That should give me the mean repair cost and 95% confidence interval for an individual unit. My question is, can I then multiply the mean, upper and lower limits by the total population (9635) to get an expected total repair cost and associated confidence limits. It makes intuitive sense to me, but I've found that in stats, my intuition isn't always correct.

If I can't do it this way, can someone suggest the best way to get a predicted total repair cost and associated confidence interval for the entire population of 9635 based on the sample of 35 I have above?

any help is much appreciated.

Thanks so much

Mike

Accepted Solutions
Solution
3 weeks ago
Super User
Posts: 23,663

## Re: Inferring data about a large population from a small sample

If it's a simple random sample you can use the method you initially suggested.
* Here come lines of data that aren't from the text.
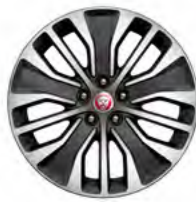
18" Style 5055, 5 split-spoke, Dark Grey Diamond Turned finish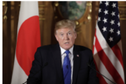
President Trump at a press conference in Tokyo, Nov. 6.

The president is learning how the Constitution works—and he's not happy.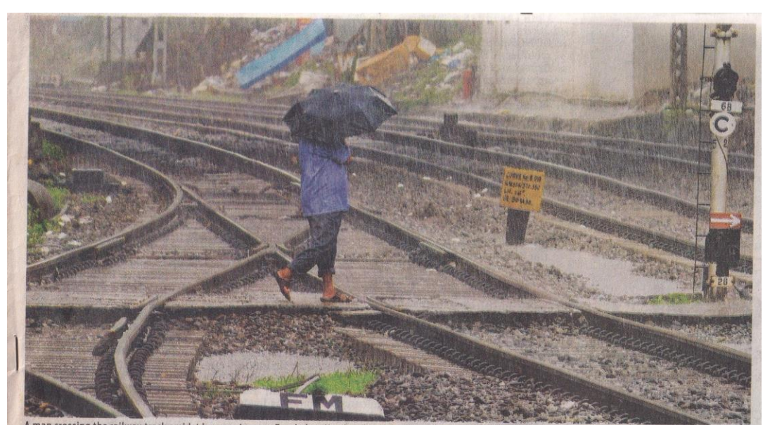
A man crossing the railway track amidst heavy rain, near Ernakulam North railway station on Wednesday. Major roads in the city have been waterlogged after the incessant rain | A SANESH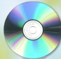
1-Image CD (H) high-res & printable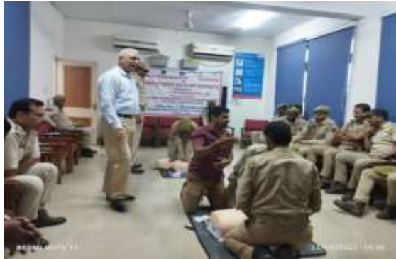
Training of Police Personnel.

The initiative "Save Life Jammu" started one year back by Directorate of Health Services Jammu on 23 rd January 2022 with the objective to increase the chances of survival by stabilizing the patient through timely intervention and optimal care in Golden hour in the Emergency Resuscitation Rooms. Besides treating patients in Emergency Rooms, skill development trainings of health employees, staff from other departments and volunteers are being conducted on regular basis at Jammu Skill & Simulation Centre Nagrota by Master Trainers. These trainings aim to strengthen the skills of the trainees while handling emergency as first responder at their work place. JSSC is fully accredited State-of-the-Art Medical training facility that incorporates Simulation based education, highlighting the commitment of the institution in providing cutting edge technology in the field of healthcare. The Skill & Simulation Centre is committed to supporting and participating in offering quality education to individuals and assisting in their preparation to be effective and compassionate healthcare providers in accordance with standards established Nationally.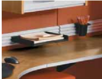
Accessory bars Practical for hanging various accessories (lamps, pencil holders, etc.), keeping the work surface clear.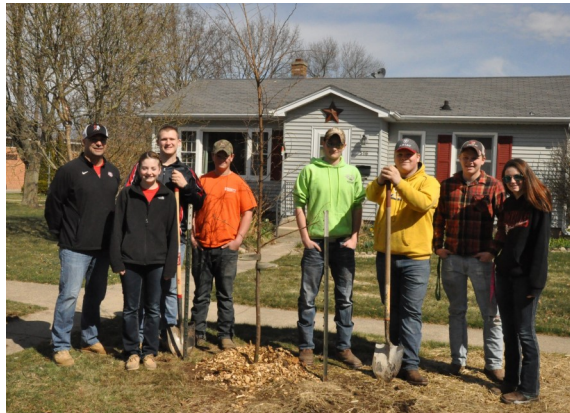
Fort Tree Fund supporting a multi-year plan to plant hundreds of new trees for the City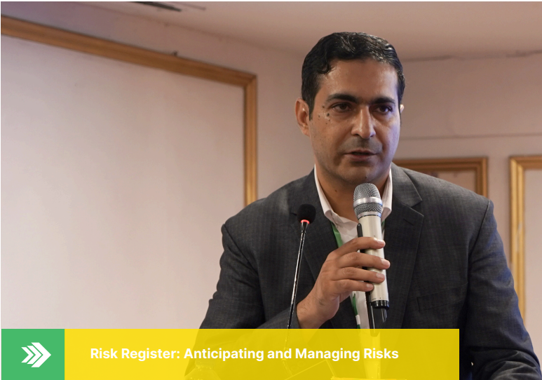
Risk Register: Anticipating and Managing Risks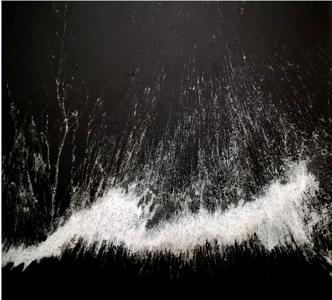
Haecceity – Site Specific wall drawings (detail) - 2018 Warrington Museum and Art Gallery.

interface', 6 the point at which surface and weather combines to immerse us through multiple senses, informing knowledge and instilling memory.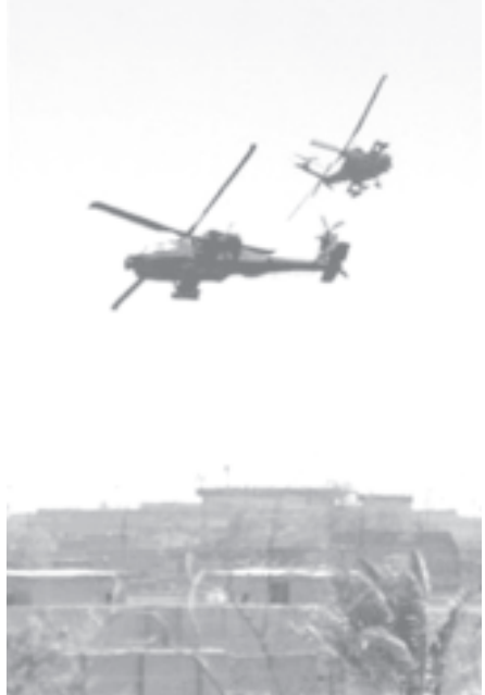
American helicopters fly over the holy city of Najaf, in southern Iraq on 15 Aug, 2004. — INTERNET

"We gave air support and carried out six different sorties during the day. Right now, it has stopped. We do it as and when needed," he added. Two civilians were also killed in clashes between Iraqi resistance fighters and a US patrol west of Fallujah.—Internet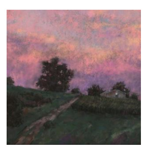
Best Use of Color Gethsemani Farmland By Francis Huffman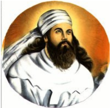
Zoroaster: Prophet of Ancient Persians

Today there are still about 65,000 Parsees, with about 60,000 living in the Mumbai area. Since both parents must be Parsees for someone to be a Parsee, and since it is not possible to covert to Zoroastrianism, all of today's Parsees can directly be traced back to the original Persians.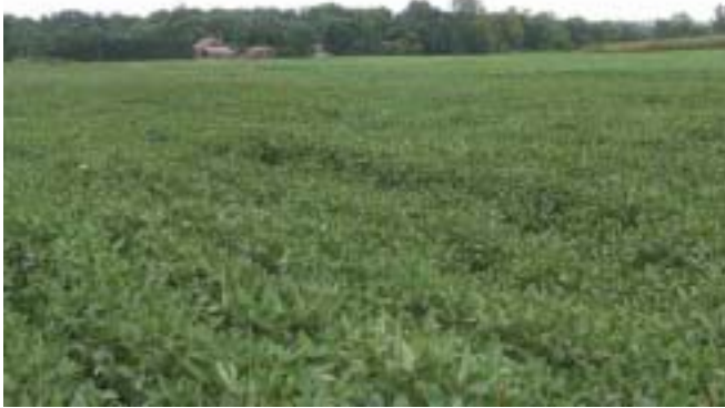
Fig. 1. Soybean field. Note the “wavy” uneven plant canopy height.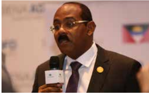
Prime Minister Gaston Browne SIS) of which Prime Minister Browne is a founder and Co-Chair.

The request for an Advisory Opinion was submitted by the Commission of Small Island States on Climate Change and International Law (CO-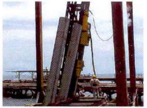
Driving pile: sensors are inside red square, connected by cable to PAL-R.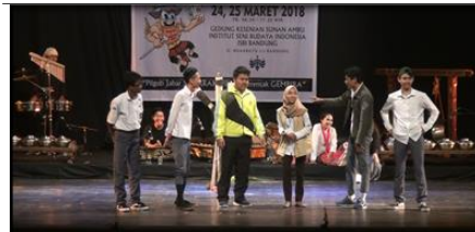
Fig. 4. Intimate and cheerful.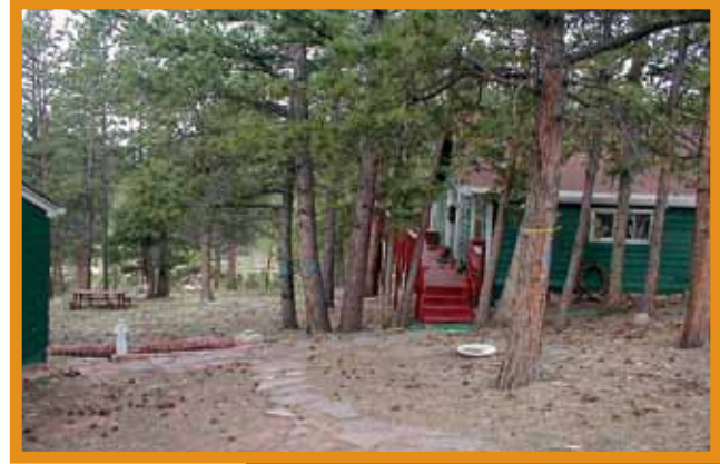
Figure 11: Homesite before defensible space.

Zone 3 is the area farthest from the home. It extends from the edge of Zone 2 to your property boundaries.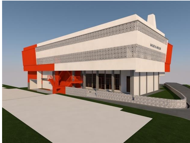
Figure 5. New Construction (Mark with Red Color)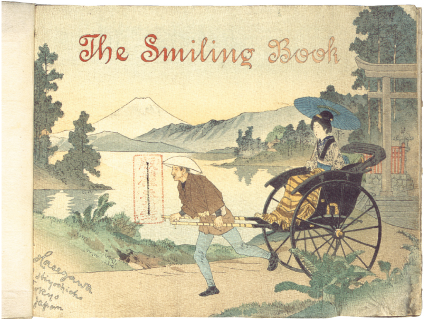
The smiling book.

This article is based on the article in Japanese in NDL Monthly Bulletin No. 659 (March 2016) .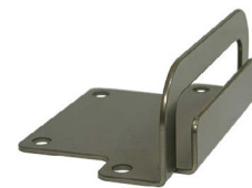
Table Side Mounting Bracket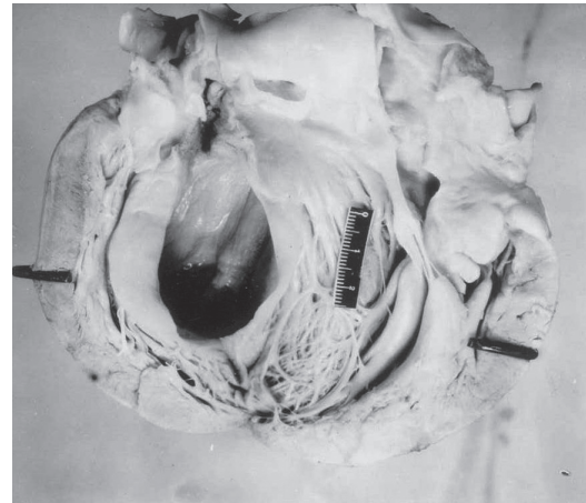
Fig. 3. Ruptured echinococcal cyst (6×4×3.5 cm in size) in the heart interventricular septum.

Other causes of sudden deaths were heart lesions (echinococcosis of the heart, pericardium). The following observations are brought as an illustration. A 51-year-old man had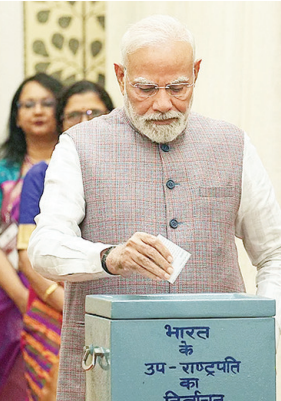
Prime Minister Narendra Modi casts his vote in the Vice-Presidential elections, at the Parliament premises, in New Delhi.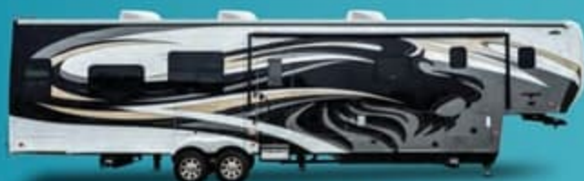
Flyin' Lion Full Body Paint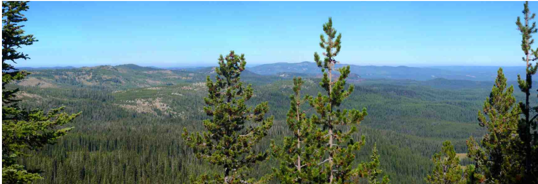
The La Grande Watershed (at right) is an unroaded, unlogged and ungrazed part of the north Elkhorns.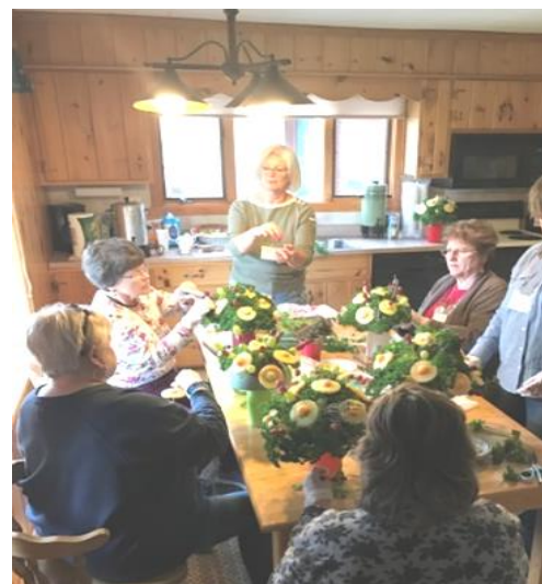
Belgrade and Whitehall members have fun creating the beautiful "Incredible Edible" centerpieces for the Fall Board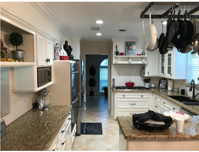
Full Kitchen w/Granite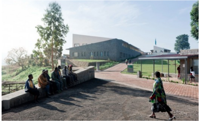
Butaro Hospital, Rwanda / MASS Design Group. "The Butaro Hospital in Rwanda's Burera District has 140 beds and serves 400,000 people."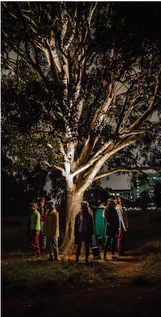
Performers and tree during SHORE in Naarm .

ARTISTIC MOVEMENT A tendency or a style of art with a particularly specified objective and philosophy that is adopted and followed by a group of artists during a specific time period.

If it was a sample where the machines do not reflect your population of machines and each one has a specific weight attached to it to match the total population then that would be weighted analysis.

@righcoastmike wrote:

******UPDATE********* I think proc surveymeans might be what I am looking for, but I'm still not sure how to get an expected total repair costs w. 95% confidence intervals for the entire population (9363 Units), based on the data in the sample population (35 units).

All Replies
Super User
Posts: 23,663

## Re: Inferring data about a large population from a small sample

[ Edited ]

Is there a guarantee that all units need to be repaired at some point? This is what I would call a back of the napkin type estimate....

@righcoastmike wrote:

HI All,

I have a question that might be as much about stats as it is about SAS programming. I'm hoping that you folks can help.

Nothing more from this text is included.